= Ramón Silva Bahamondes =

Chilean singer and radio announcer (1944–2020)

Ramón Óscar Silva Bahamondes, better known as Moncho Silva (Valparaíso, 16 June 1944 - Viña del Mar, 3 September 2020), was a Chilean singer and radio host.

==Biography==

The son of Juan Ramón Felipe Silva Billa and Adelina Emma Bahamondes Carrasco, he studied at the Colegio San Pedro Nolasco.

He began singing at school participating in folk groups, and made his first recording with the group Los del Sendero together with the singer José Alfredo Fuentes. Between 1966 and 1968, he joined the vocal quartet Clan 91.

During his career as radio host, he was one of the founders of the Radio Festival of Viña del Mar in 1976. He worked in Radio Portales de Valparaíso hosting the program Portaleando la mañana.

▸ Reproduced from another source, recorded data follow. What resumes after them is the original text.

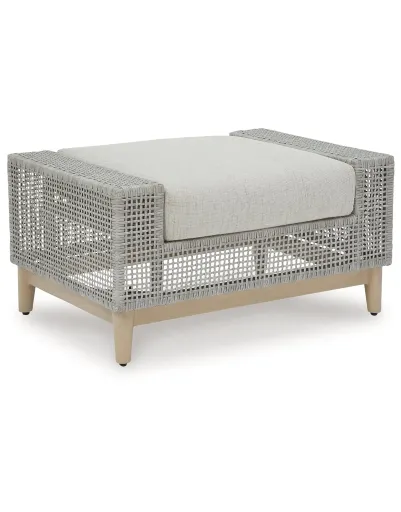 This ottoman invites your casual contemporary style outdoors. With its resin wicker in a chic neutral hue, it expertly marries refined design with durability. Breezy summer mornings and cold winter nights are made all the more comfortable with high-performance Nuvella+ fabric covering the cushion.
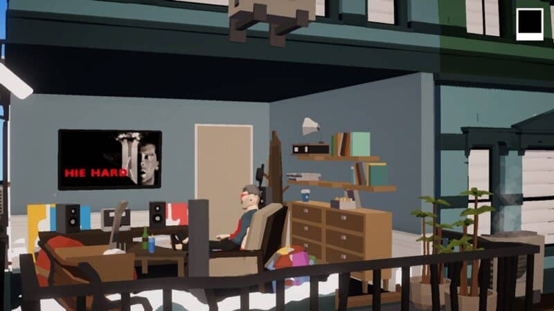 Atmosfera produkcji jest naprawdę przyjemna. W tle grają gitarki, chociaż niestety się zapętlają i w pewnym momencie idzie oszaleć, gdy po raz kolejny słyszymy tę samą nutę. Ale pierwsze pół godziny jest jak najbardziej pozytywne. Do tego ten cały świat jest prześliczny, przynajmniej według mnie, a to moja recenzja Love – A Puzzle Box Filled with Stories. Część teraźniejsza budynku jest kolorowa, jasna, a część w przeszłości czarno-biała i taka tajemnicza. Bohaterowie, których wspomnienia oglądamy, są oznaczeni czerwonymi elementami odzieży, na przykład krawatem czy czapką. Nie ma tu prawie w ogóle szczegółów, wszystkie modele są grubo ciosane, ale to nie oznacza, że nie wyglądają dobrze. Wręcz przeciwnie – design budynku i jego mieszkańców jest naprawdę pierwszorzędny i przejrzysty.
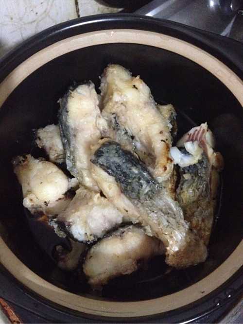 把煎好的鱼肉加入砂锅里,焖煮10分钟。
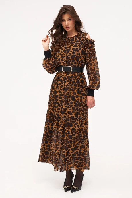Платье из струящегося шифона длиной maxi на вискозной подкладке. Длина изделия по спинке 140см. Рукав длиной 66см на трикотажной манжете 9см. Верх рукава на резинке с рюшей, по плечам небольшие вырезы. По низу изделия притачной волан на сборке. По спинке застёжка на петлю и пуговицу по горловине. Платье на резинке по талии. Комплектуется ремнём.

In Santiago he worked for Radio Gigante and Radio Portales. On television, in 1986 he was part of the international jury of the XXVII International Festival of the Song in Viña del Sea. That same year he was a panelist for the program Goal Show on UCV Television. He was a music producer at Channel 13.

In his later years, he returned to the Valparaíso Region to live in Concón. He worked at Radio Congreso. His last job was at the Concón community radio station until mid-August 2020, when he was hospitalized at the Admiral Nef Naval Hospital for COVID-19, during the pandemic in Chile; he died on September 3 of the same year aged 76.